Purpose — Non-small-cell lung cancer (NSCLC) is predominantly a disease of the elderly. Retrospective analyses of the National Cancer Institute of Canada Clinical Trials Group JBR.10 trial and the Lung Adjuvant Cisplatin Evaluation (LACE) meta-analysis suggest that the elderly benefit from adjuvant chemotherapy. However, the elderly were under-represented in these studies, raising concerns regarding the reproducibility of the study results in clinical practice.

Patients and Methods — By using the Ontario Cancer Registry, we identified 6,304 patients with NSCLC who were treated with surgical resection from 2001 to 2006. Registry data were linked to electronic treatment records. Uptake of chemotherapy was compared across age groups: younger than 70, 70 to 74, 75 to 79, and ≥ 80 years. As a proxy of survival benefit from chemotherapy, we compared survival of patients diagnosed from 2004 to 2006 with survival of those diagnosed from 2001 to 2003. Hospitalization rates within 6 to 24 weeks of surgery served as a proxy of severe chemotherapy-related toxicity.

Results — In all, 2,763 (43.8%) of 6,304 surgical patients were elderly (age ≥ 70 years). Uptake of adjuvant chemotherapy in the elderly increased from 3.3% (2001 to 2003) to 16.2% (2004 to 2006). Among evaluable elderly patients, 70% received cisplatin and 28% received carboplatin-based regimens. Requirements for dose adjustments or drug substitutions were similar across age groups. Hospitalization rates within 6 to 24 weeks of surgery were similar across age groups (28.0% for patients age < 70 years; 27.8% for patients age ≥ 70 years; P = .54). Four-year survival of elderly patients increased significantly (47.1% for patients diagnosed from 2001 to 2003; 49.9% for patients diagnosed from 2004 to 2006; P = .01). Survival improved in all subgroups except patients age ≥ 80 years.

Conclusion — Uptake of adjuvant chemotherapy for NSCLC increased in patients age 70 years or older following reporting of pivotal adjuvant chemotherapy trials, but it remained below that for patients younger than age 70 years.
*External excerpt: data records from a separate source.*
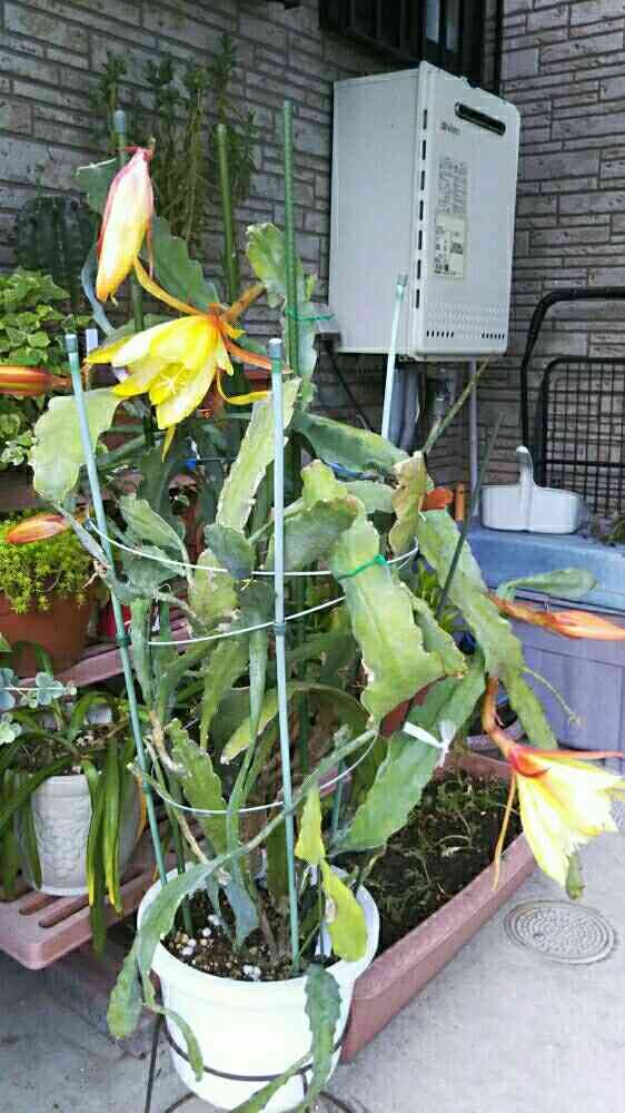 隣の、(僕のガーデニングの)御師匠さんちの、黄金色の、孔雀サボテン。神ごうしい色です。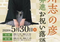 『第五回 立川志の彦 真打昇進 お祝い落語会』 日時:5月30日(土)昼の部12時開演 夕方の部17時開演 場所:久良三 名古屋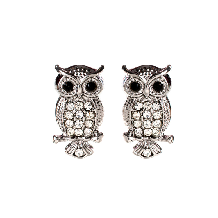 Owl stud earrings with Austrian crystals and resin stones. Measurements: Length 0.75" x Width 0.4"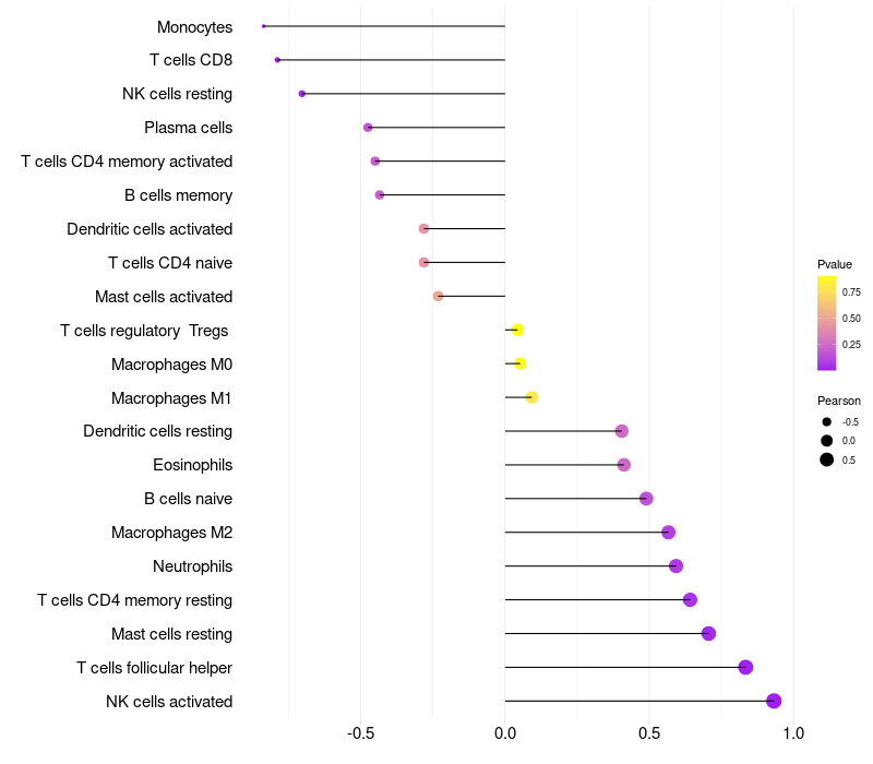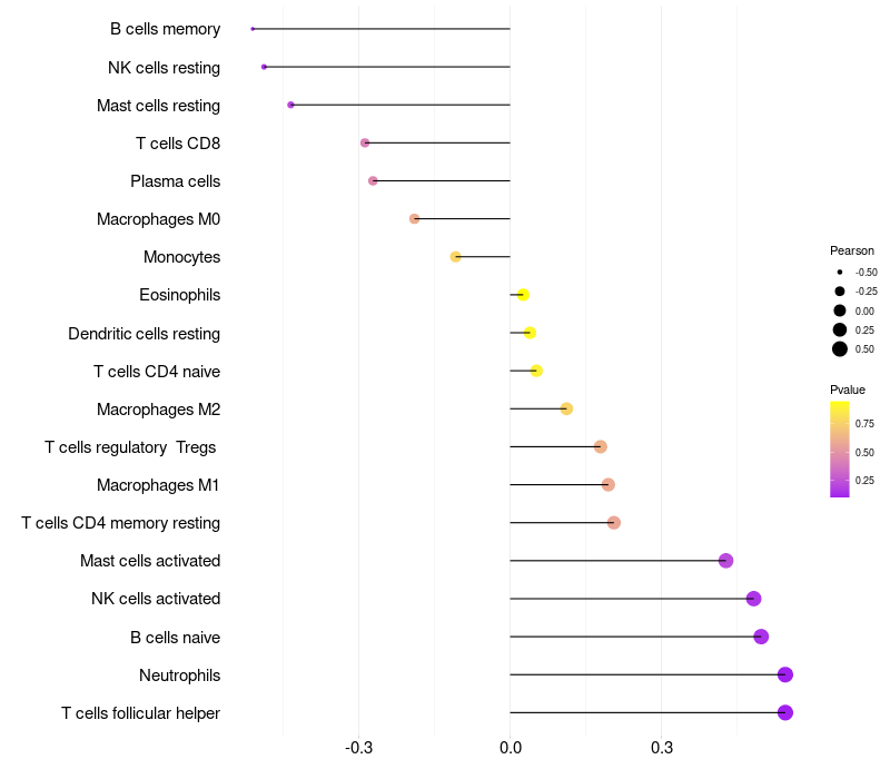 Lollipop of LOC642361 expression and immune infiltrating cell level correlation result in HBV+ Liver cirrhosis samples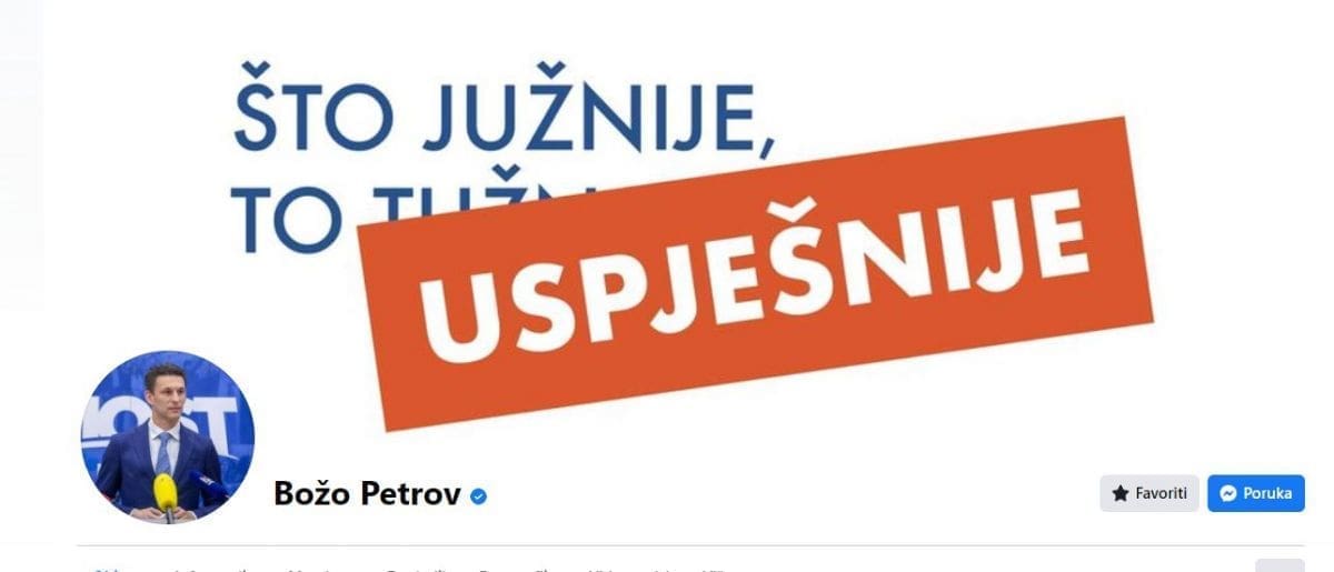 "Ne bih vam nikad komentirao da mi se ne nudite u news feedovima jer to jednostavno nije moja praksa... no htio bih vam ukazati na izrazitu grešku vaše naslovne fotografije na vašem fb profilu u kojoj dominira naslov "Što južnije, to tužnije". Naime, istoimena parola "Što južnije, to tužnije" je izvorno i originalno porijeklom iz Srbije. To vrijedi za jug Republike Srbije i to je u originalu njihova narodna izreka. Gotovo mi je nevjerojatno da ste vi kao predsjednik MOST-a uzeli za svoju fb naslovnu fotografiju jednu srbijansku narodnu parolu koja s Republikom Hrvatskom nema apsolutno, ali apsolutno nikakve veze, pogotovo s jugom Hrvatske koji je jedan od razvijenijih dijelova.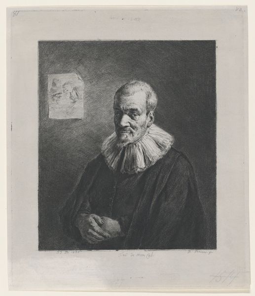 Curator: This intriguing print is titled “H. Paulus” by James McArdell, dating approximately from the 1740s to the 1750s. Editor: The fellow seems troubled, almost weathered, like an old oak facing a storm. The stark contrast in tone gives the image such raw, immediate impact. Curator: Precisely. Note the deliberate use of light and shadow, a classic Baroque characteristic. McArdell uses engraving and graphite to define not only the form, but also imbue the work with emotional depth. His technique facilitates a compelling rendering of texture, particularly evident in the subject’s beard and the folds of his garments. Editor: He looks like he’s seen things, doesn’t he? As though a story is etched onto his very face, each line a chapter. One can only wonder about the unvarnished tale behind his haunted eyes. Curator: Indeed, one could see his gaze as a carefully constructed element within the composition. McArdell guides the viewer's eye to follow his subject’s gaze, heightening the sense of introspection and contemplation. It suggests the man is engaged in an internal dialogue. Editor: I imagine him standing amidst the bustling marketplaces of that era. What thoughts brewed in that mind? Was he simply contemplating the price of bread, or wrestling with matters of conscience? The man’s character feels robustly complex! Curator: I appreciate how your perspective brings forth those societal tensions which permeate through Baroque art. McArdell offers us a canvas where history, emotion and aesthetic skill converge to incite inquiry. Editor: In art as in life, looking closely almost always delivers something profound. This Paulus feels no different—the whispers of eras gone echoing. Curator: True, the work transcends time. Thank you for the engaging reading—you have broadened our understanding through the subjective responses.
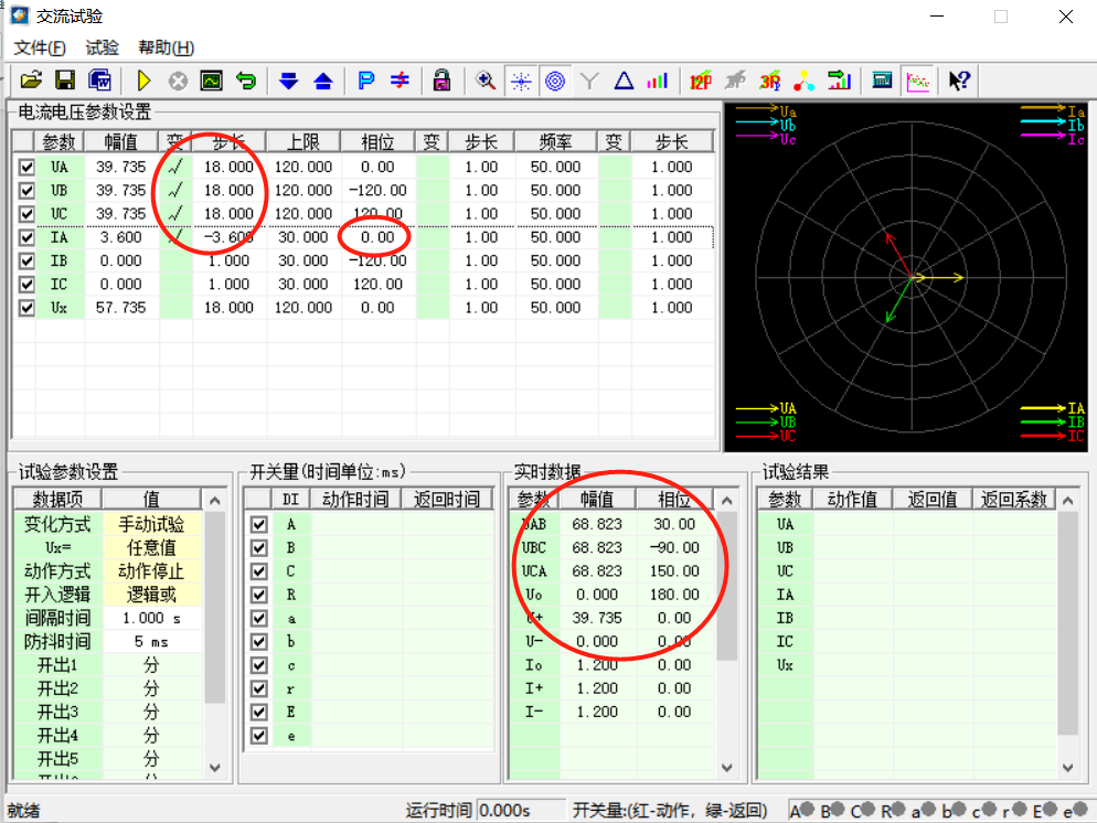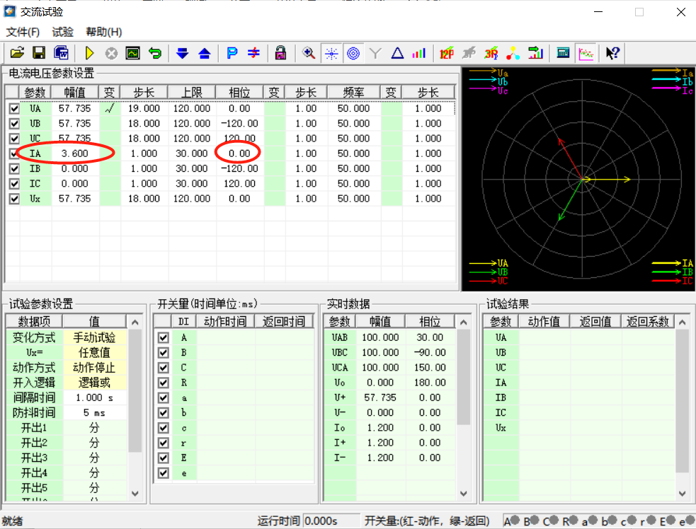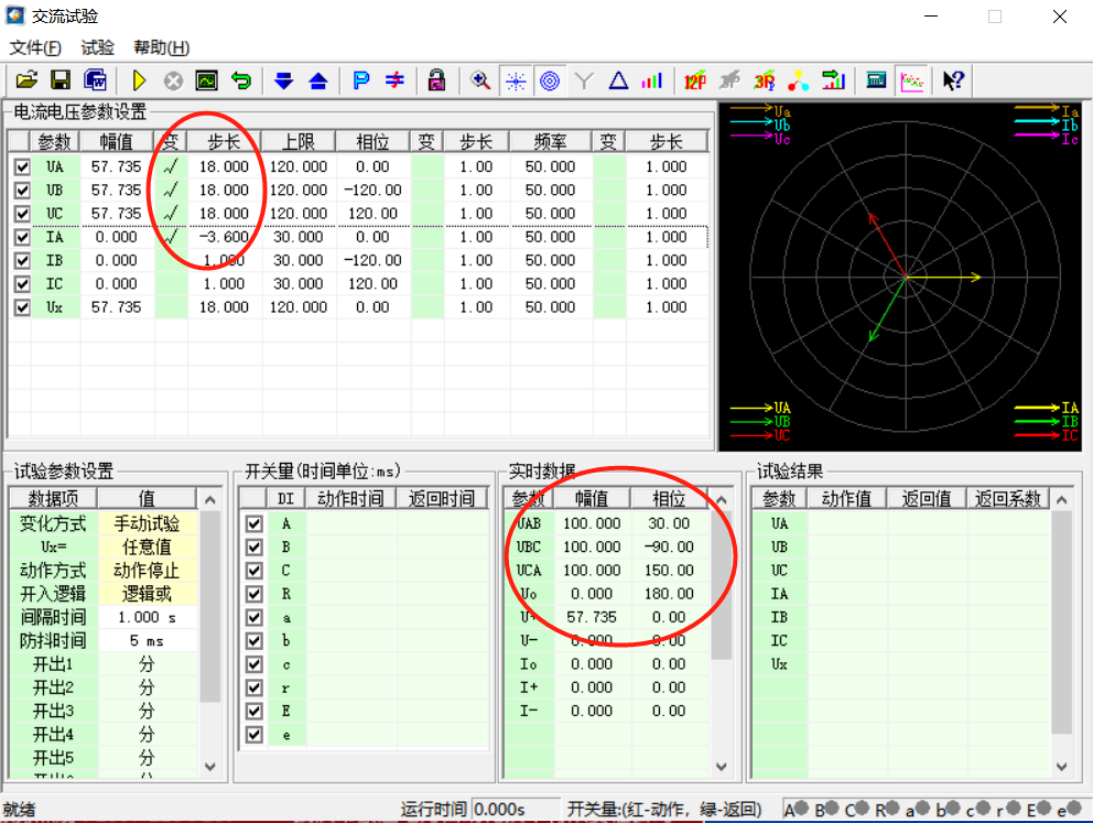 模擬A相接地故障,IA故障相角度為0°,在動作區(qū)內(nèi)點擊向下箭頭進(jìn)入故障狀態(tài)。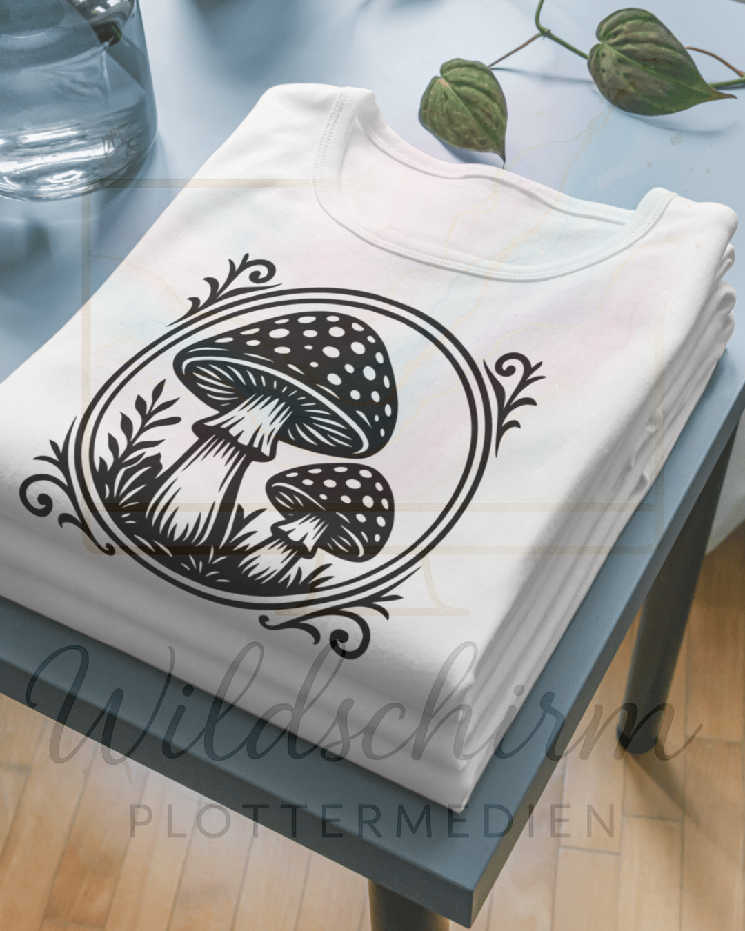 Zwei Pilze im hohen Gras, eingerahmt von feinen Ornamenten – ein Motiv, das sofort an Waldspaziergänge und den Zauber des Herbstes erinnert. Der klassische Fliegenpilz bringt ein Stück Natur, Gemütlichkeit und ein kleines Fünkchen Magie in deine Projekte.

Adoption of adjuvant chemotherapy appears to be associated with significant survival benefit in the elderly (age ≥ 70 years), with tolerability apparently similar to that of patients who are younger than age 70 years.



Cuffe S, Booth CM, Peng Y, Darling GE, Li G, Kong W, Mackillop WJ, Shepherd FA. J Clin Oncol. 2012; 30(15):1813-21. Epub 2012 Apr 23.